INFORMATION SHOWN –
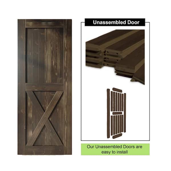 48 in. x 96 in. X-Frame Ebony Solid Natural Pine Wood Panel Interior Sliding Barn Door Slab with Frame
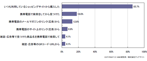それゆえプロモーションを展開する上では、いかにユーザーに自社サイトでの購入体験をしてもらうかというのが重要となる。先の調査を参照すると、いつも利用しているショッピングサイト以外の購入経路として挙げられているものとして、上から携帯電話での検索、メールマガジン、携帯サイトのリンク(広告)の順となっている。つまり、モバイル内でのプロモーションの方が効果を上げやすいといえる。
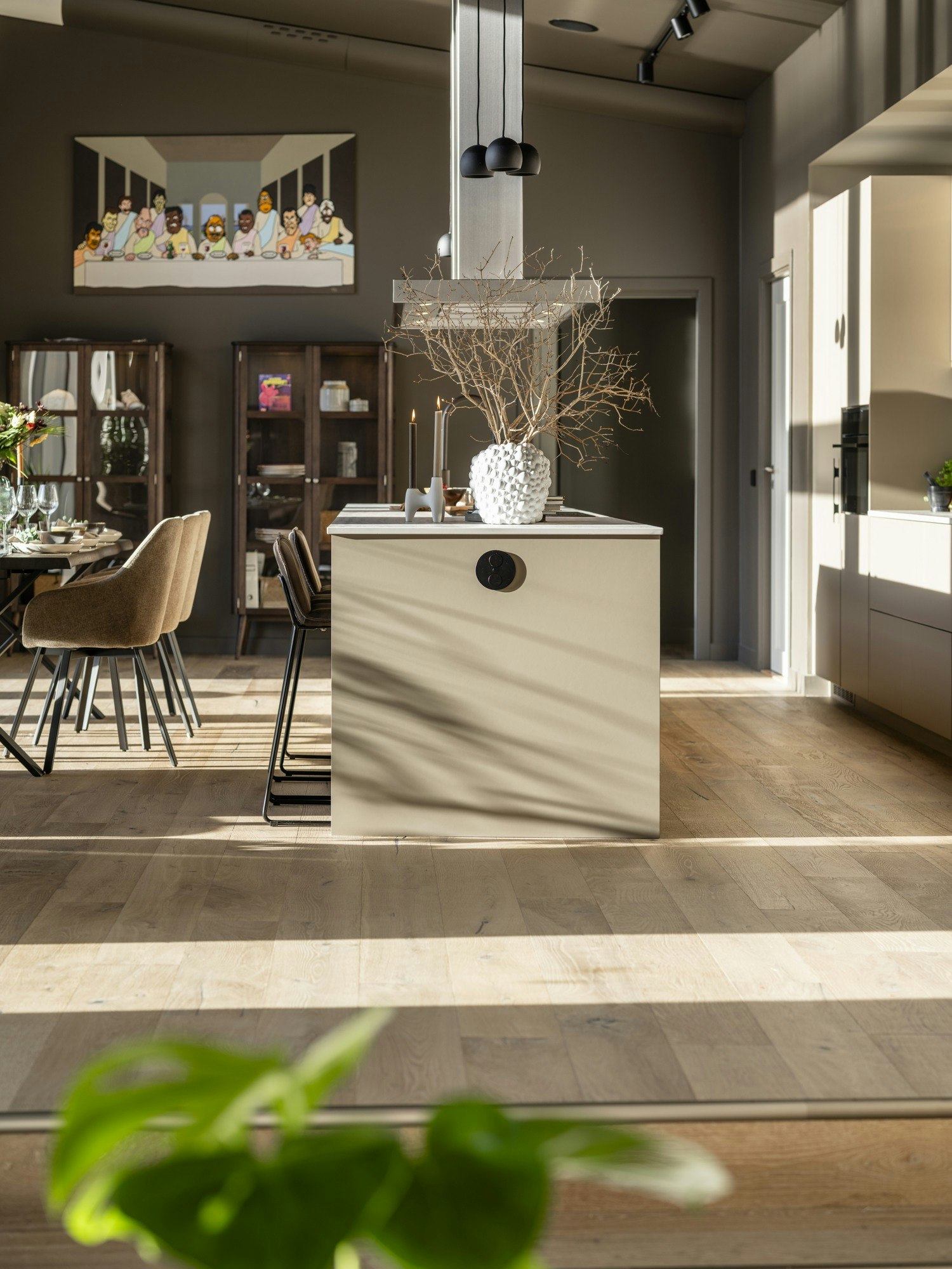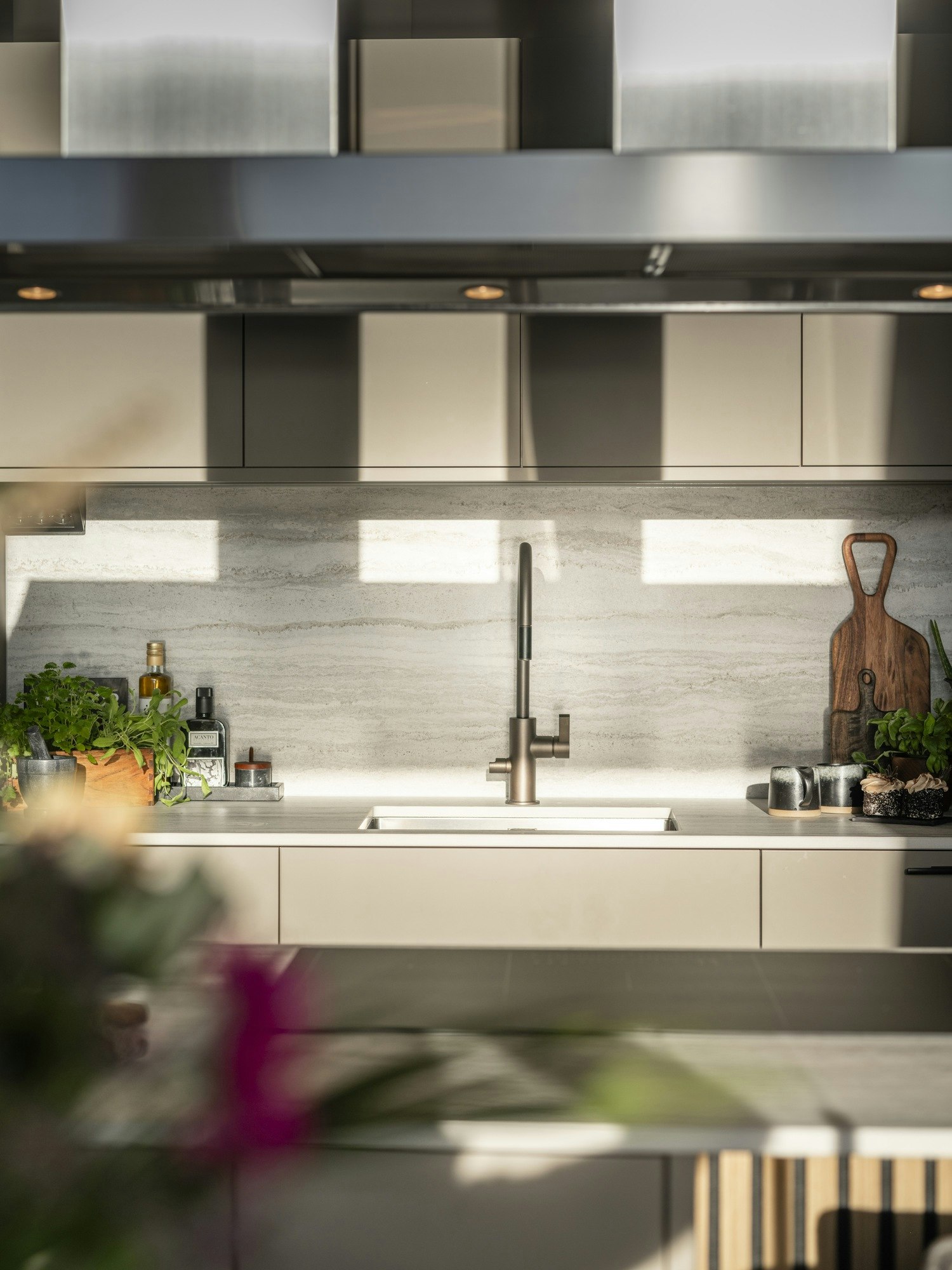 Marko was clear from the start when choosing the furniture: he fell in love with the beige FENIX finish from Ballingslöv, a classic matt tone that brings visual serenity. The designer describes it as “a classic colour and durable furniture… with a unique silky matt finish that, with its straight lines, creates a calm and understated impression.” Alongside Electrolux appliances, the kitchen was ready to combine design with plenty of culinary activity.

WHAT TO DO –
Word-for-word repeat, images excluded: return all the data.

SOLUTION FOR THIS EXERCISE –
 48 in. x 96 in. X-Frame Ebony Solid Natural Pine Wood Panel Interior Sliding Barn Door Slab with Frame
それゆえプロモーションを展開する上では、いかにユーザーに自社サイトでの購入体験をしてもらうかというのが重要となる。先の調査を参照すると、いつも利用しているショッピングサイト以外の購入経路として挙げられているものとして、上から携帯電話での検索、メールマガジン、携帯サイトのリンク(広告)の順となっている。つまり、モバイル内でのプロモーションの方が効果を上げやすいといえる。
 Marko was clear from the start when choosing the furniture: he fell in love with the beige FENIX finish from Ballingslöv, a classic matt tone that brings visual serenity. The designer describes it as “a classic colour and durable furniture… with a unique silky matt finish that, with its straight lines, creates a calm and understated impression.” Alongside Electrolux appliances, the kitchen was ready to combine design with plenty of culinary activity.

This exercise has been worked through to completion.